[Records shown]

########

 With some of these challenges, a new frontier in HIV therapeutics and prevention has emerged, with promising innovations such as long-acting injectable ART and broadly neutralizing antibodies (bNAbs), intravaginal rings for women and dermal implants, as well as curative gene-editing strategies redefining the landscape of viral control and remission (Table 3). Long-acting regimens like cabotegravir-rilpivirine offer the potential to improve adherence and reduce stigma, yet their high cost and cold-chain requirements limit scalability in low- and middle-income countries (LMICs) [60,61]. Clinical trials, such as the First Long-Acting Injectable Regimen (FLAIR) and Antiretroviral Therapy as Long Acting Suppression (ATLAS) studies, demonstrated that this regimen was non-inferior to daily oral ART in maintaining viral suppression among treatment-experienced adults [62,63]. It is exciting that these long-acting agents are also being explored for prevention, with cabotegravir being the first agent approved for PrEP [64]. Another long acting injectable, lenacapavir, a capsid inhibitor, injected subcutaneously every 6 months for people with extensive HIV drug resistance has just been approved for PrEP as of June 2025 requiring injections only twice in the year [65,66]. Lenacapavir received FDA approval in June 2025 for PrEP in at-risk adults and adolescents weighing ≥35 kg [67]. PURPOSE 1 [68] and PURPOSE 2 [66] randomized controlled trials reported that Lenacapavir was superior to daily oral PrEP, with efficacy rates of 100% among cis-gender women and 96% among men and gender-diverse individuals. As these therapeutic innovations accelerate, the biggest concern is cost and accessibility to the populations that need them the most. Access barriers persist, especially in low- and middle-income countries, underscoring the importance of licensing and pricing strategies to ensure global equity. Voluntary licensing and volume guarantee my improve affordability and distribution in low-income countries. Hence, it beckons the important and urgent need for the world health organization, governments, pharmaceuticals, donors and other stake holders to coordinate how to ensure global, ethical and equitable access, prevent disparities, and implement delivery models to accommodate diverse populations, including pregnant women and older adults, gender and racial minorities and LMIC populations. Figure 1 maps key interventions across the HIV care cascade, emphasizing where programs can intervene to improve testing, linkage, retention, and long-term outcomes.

########

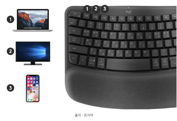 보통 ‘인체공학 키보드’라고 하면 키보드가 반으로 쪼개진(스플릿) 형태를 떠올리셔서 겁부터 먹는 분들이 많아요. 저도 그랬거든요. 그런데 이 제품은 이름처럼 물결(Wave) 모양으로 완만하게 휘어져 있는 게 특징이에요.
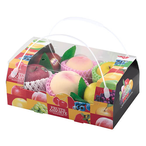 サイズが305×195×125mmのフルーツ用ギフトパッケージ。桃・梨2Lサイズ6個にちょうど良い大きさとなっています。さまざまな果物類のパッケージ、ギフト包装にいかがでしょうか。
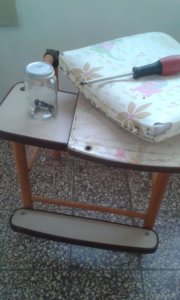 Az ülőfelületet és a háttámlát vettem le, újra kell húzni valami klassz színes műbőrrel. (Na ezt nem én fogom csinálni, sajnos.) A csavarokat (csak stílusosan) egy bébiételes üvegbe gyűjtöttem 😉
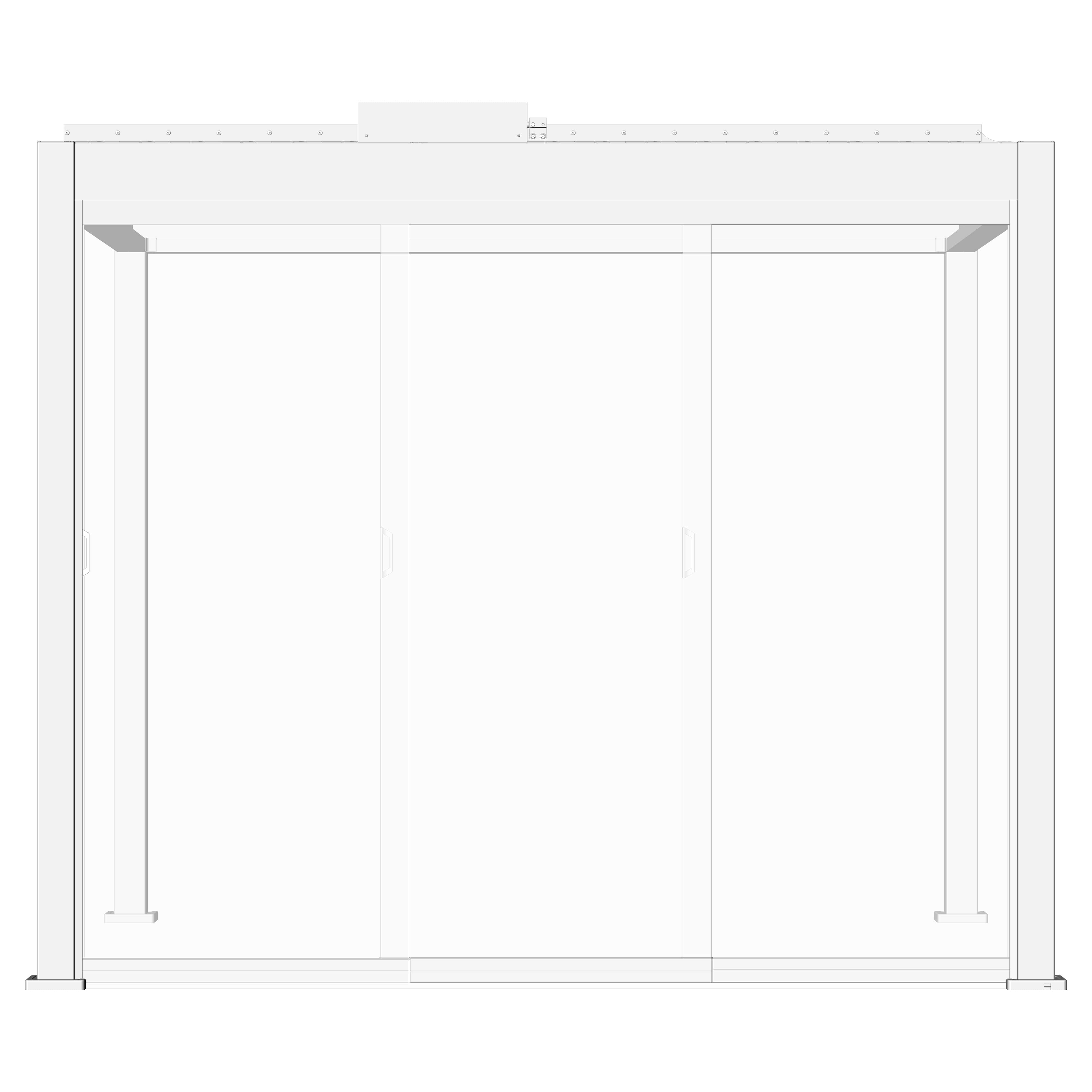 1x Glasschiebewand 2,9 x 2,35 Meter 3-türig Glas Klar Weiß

########

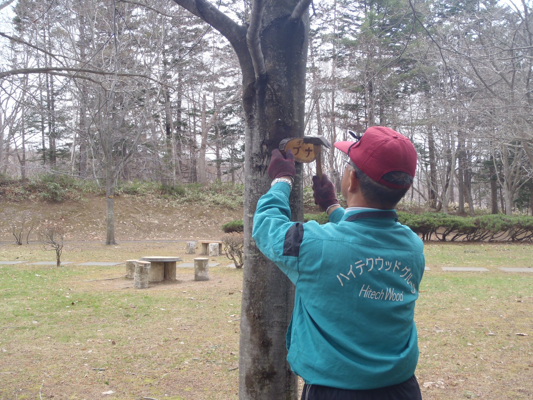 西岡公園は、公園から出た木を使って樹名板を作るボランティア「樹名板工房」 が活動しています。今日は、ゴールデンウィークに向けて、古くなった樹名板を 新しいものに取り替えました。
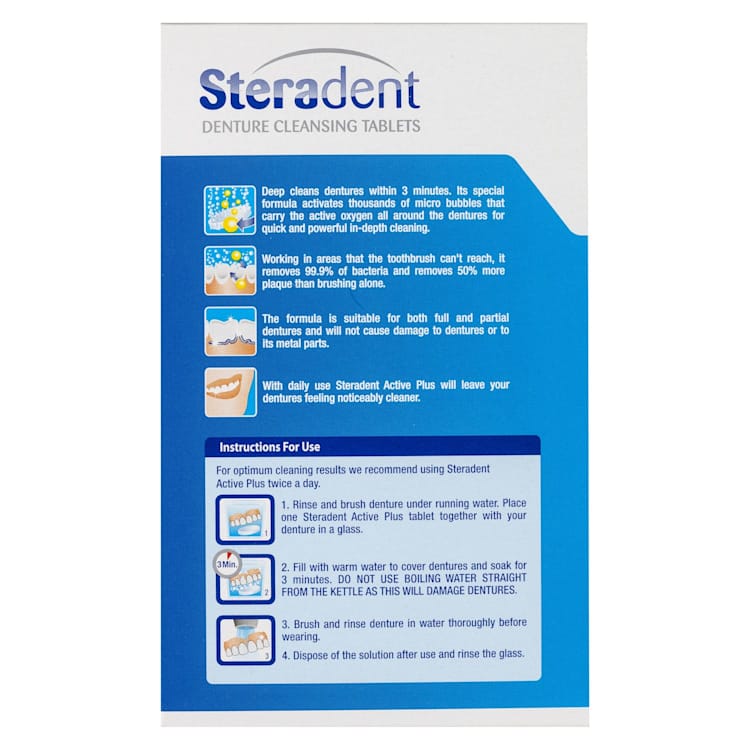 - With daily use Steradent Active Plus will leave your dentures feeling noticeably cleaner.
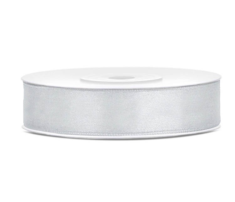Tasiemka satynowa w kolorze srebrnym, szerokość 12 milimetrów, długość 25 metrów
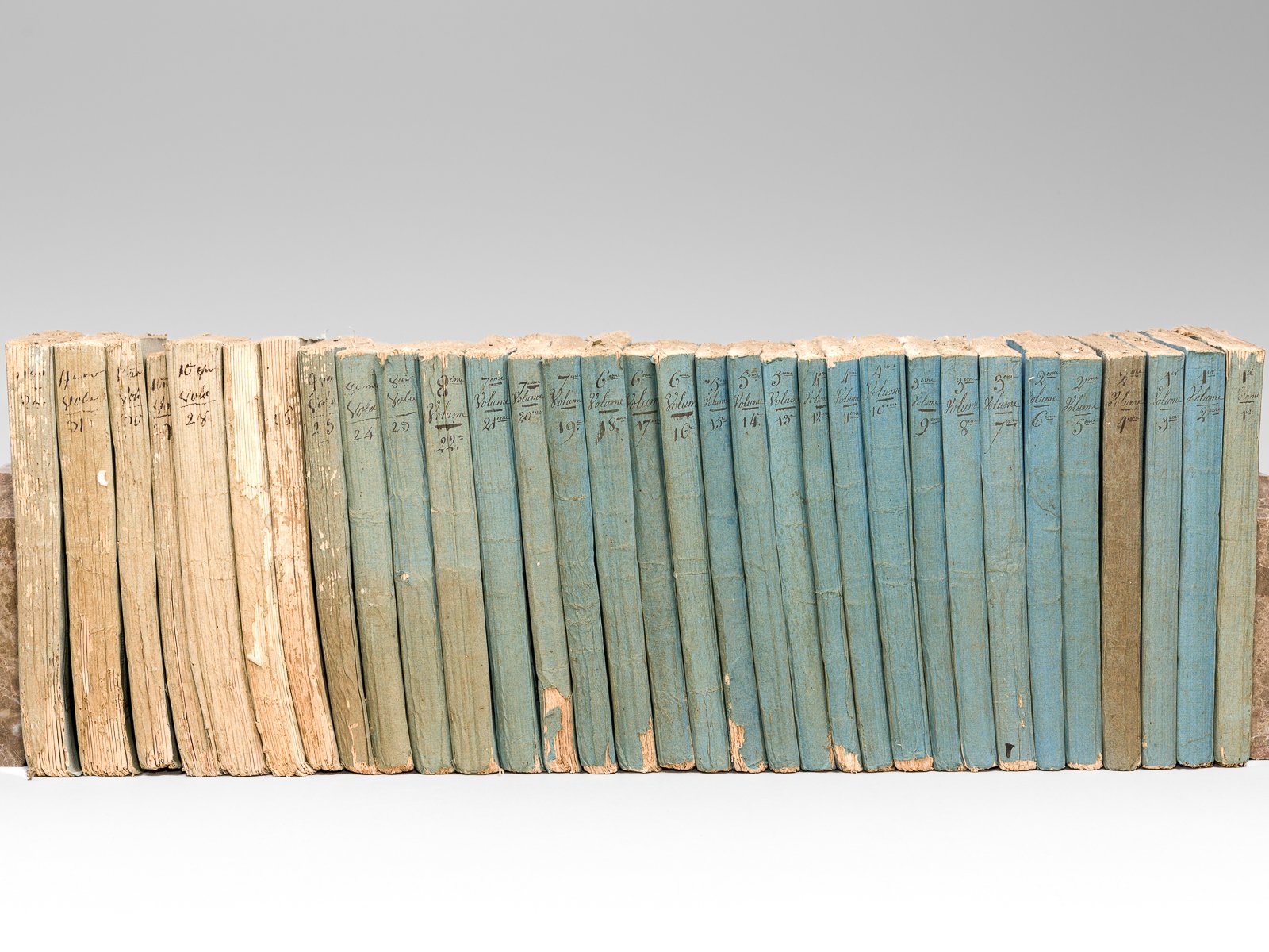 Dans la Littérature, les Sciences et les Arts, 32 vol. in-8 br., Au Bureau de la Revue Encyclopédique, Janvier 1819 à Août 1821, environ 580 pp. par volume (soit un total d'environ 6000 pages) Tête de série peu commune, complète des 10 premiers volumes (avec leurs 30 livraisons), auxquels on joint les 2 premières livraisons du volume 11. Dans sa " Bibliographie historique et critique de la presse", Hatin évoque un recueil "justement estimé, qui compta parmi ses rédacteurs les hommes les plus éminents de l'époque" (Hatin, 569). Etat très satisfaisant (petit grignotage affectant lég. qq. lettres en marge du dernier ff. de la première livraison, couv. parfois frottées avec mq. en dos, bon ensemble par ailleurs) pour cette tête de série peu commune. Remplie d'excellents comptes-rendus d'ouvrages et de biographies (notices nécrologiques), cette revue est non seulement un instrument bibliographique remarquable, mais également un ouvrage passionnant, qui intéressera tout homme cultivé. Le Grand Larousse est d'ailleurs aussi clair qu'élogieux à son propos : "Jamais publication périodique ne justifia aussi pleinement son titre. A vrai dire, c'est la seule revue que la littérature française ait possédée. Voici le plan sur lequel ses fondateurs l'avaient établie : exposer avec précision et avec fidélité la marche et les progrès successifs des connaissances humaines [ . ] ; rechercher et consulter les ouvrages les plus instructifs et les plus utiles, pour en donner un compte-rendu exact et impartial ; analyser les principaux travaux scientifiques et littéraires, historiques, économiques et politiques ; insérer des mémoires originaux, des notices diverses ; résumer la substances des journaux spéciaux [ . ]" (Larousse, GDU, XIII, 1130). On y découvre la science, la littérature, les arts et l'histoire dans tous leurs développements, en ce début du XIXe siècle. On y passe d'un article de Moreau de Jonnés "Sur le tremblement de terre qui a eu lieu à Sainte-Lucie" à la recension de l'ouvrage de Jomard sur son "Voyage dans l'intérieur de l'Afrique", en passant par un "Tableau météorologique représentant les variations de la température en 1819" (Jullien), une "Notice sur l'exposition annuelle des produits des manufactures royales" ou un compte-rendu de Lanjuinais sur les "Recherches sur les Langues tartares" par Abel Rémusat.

########

[Work item]
Leave the pictures out, and transcribe exactly the lines above starting at the one that contains "Az ülőfelületet és" and ending at the one that contains "1x Glasschiebewand 2,9".

[Result]
 Az ülőfelületet és a háttámlát vettem le, újra kell húzni valami klassz színes műbőrrel. (Na ezt nem én fogom csinálni, sajnos.) A csavarokat (csak stílusosan) egy bébiételes üvegbe gyűjtöttem 😉
 1x Glasschiebewand 2,9 x 2,35 Meter 3-türig Glas Klar Weiß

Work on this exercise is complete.